Have you ever wondered how the codensity transformation, a surprisingly general trick for speeding up the execution of certain types of monads, worked, but never could understand the paper or Edward Kmett's blog posts on the subject?

Look no further: below is a problem set for learning how this transformation works.

The idea behind these exercises is to get you comfortable with the types involved in the codensity transformation, achieved by using the types to guide yourself to the only possible implementation. We warm up with the classic concrete instance for leafy trees, and then generalize over all free monads (don't worry if you don't know what that is: we'll define it and give some warmup exercises).

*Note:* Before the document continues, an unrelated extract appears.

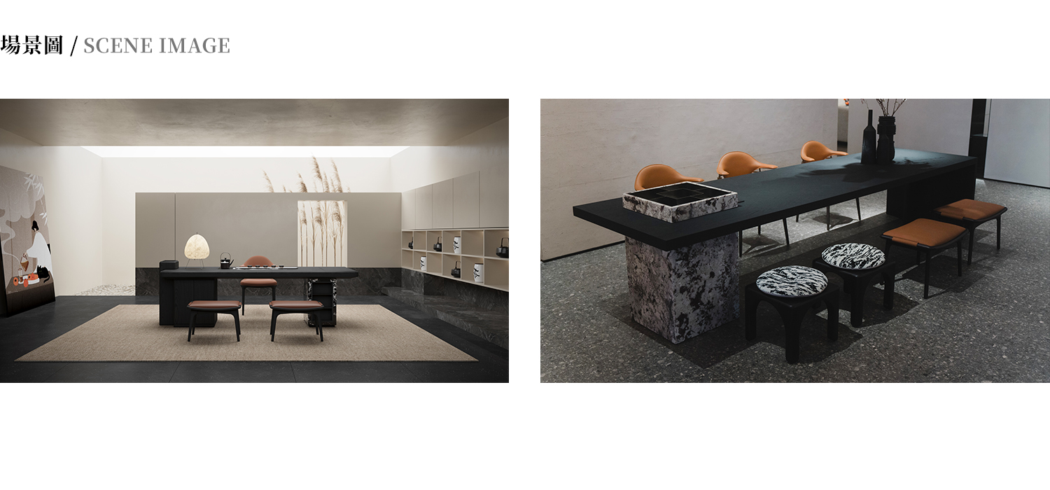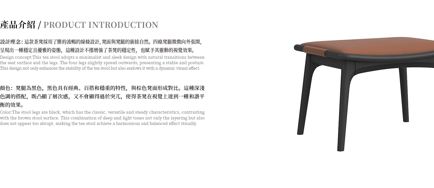 茶凳坐包為皮質包制,框架為白橡小山紋木飾面。

Experience writing in continuation-passing style may be useful, although in practice this amounts to "listen to the types!"

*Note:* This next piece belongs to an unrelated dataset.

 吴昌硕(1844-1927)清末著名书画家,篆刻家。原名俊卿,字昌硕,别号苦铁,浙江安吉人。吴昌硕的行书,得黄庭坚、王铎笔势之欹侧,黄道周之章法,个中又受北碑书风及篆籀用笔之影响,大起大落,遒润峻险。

Solutions and more commentary may be found in Janis Voigtlander's paper "Asymptotic Improvement of Computations over Free Monads."

To read more, see Edward Kmett's excellent article which further generalizes this concept:

If there is a demand, I can add a hints section for the exercises.

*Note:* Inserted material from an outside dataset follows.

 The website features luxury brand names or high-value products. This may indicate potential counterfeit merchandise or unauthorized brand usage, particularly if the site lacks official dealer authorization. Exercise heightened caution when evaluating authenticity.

{-# LANGUAGE Rank2Types, MultiParamTypeClasses, FlexibleInstances #-}
import Prelude hiding (abs)

_EXERCISE_ = undefined

-----------------------------------------------------------------------------
-- Warmup: Hughes lists
-----------------------------------------------------------------------------

-- Experienced Haskellers should feel free to skip this section.

-- We first consider the problem of left-associative list append.  In
-- order to see the difficulty, we will hand-evaluate a lazy language.
-- For the sake of being as mechanical as possible, here are the
-- operational semantics, where e1, e2 are expressions and x is a
-- variable, and e1[e2/x] is replace all instances of x in e1 with e2.
--
--        e1 ==> e1'
--   ---------------------
--     e1 e2 ==> e1' e2
--
--   (\x -> e1[x]) e2 ==> e1[e2/x]
--
-- For reference, the definition of append is as follows:
--
--      a ++ b = foldr (:) b a
--
-- Assume that, on forcing a saturated foldr, its third argument is
-- forced, as follows:
--
--                e1 ==> e1'
--    -----------------------------------
--      foldr f e2 e1 ==> foldr f e2 e1'
--
--  foldr f e2 (x:xs) ==> f x (foldr f e2 xs)
--
-- Hand evaluate this implementation by forcing the head constructor,
-- assuming 'as' is not null:

listsample as bs cs = (as ++ bs) ++ cs

-- Solution:
--
--        (as ++ bs) ++ cs
--      = foldr (:) cs (as ++ bs)
--      = foldr (:) cs (foldr (:) bs as)
--      = foldr (:) cs (foldr (:) bs (a:as'))
--      = foldr (:) cs (a : foldr (:) b as')
--      = a : foldr (:) cs (foldr (:) bs as')
--
-- Convince yourself that this takes linear time per append, and that
-- processing each element of the resulting tail of the list will also
-- take linear time.

-- We now present Hughes lists:

type Hughes a = [a] -> [a]

listrep :: Hughes a -> [a]
listrep = _EXERCISE_

append :: Hughes a -> Hughes a -> Hughes a
append = _EXERCISE_

-- Now, hand evaluate your implementation on this sample, assuming all
-- arguments are saturated.

listsample' a b c = listrep (append (append a b) c)

-- Solution:
--
--        listrep (append (append a b) c)
--      = (\l -> l []) (append (append a b) c)
--      = (append (append a b) c) []
--      = (\z -> (append a b) (c z)) []
--      = (append a b) (c [])
--      = (\z -> a (b z)) (c [])
--      = a (b (c []))
--
-- Convince yourself that the result requires only constant time per
-- element, assuming a, b and c are of the form (\z -> a1:a2:...:z).
-- Notice the left-associativity has been converted into
-- right-associative function application.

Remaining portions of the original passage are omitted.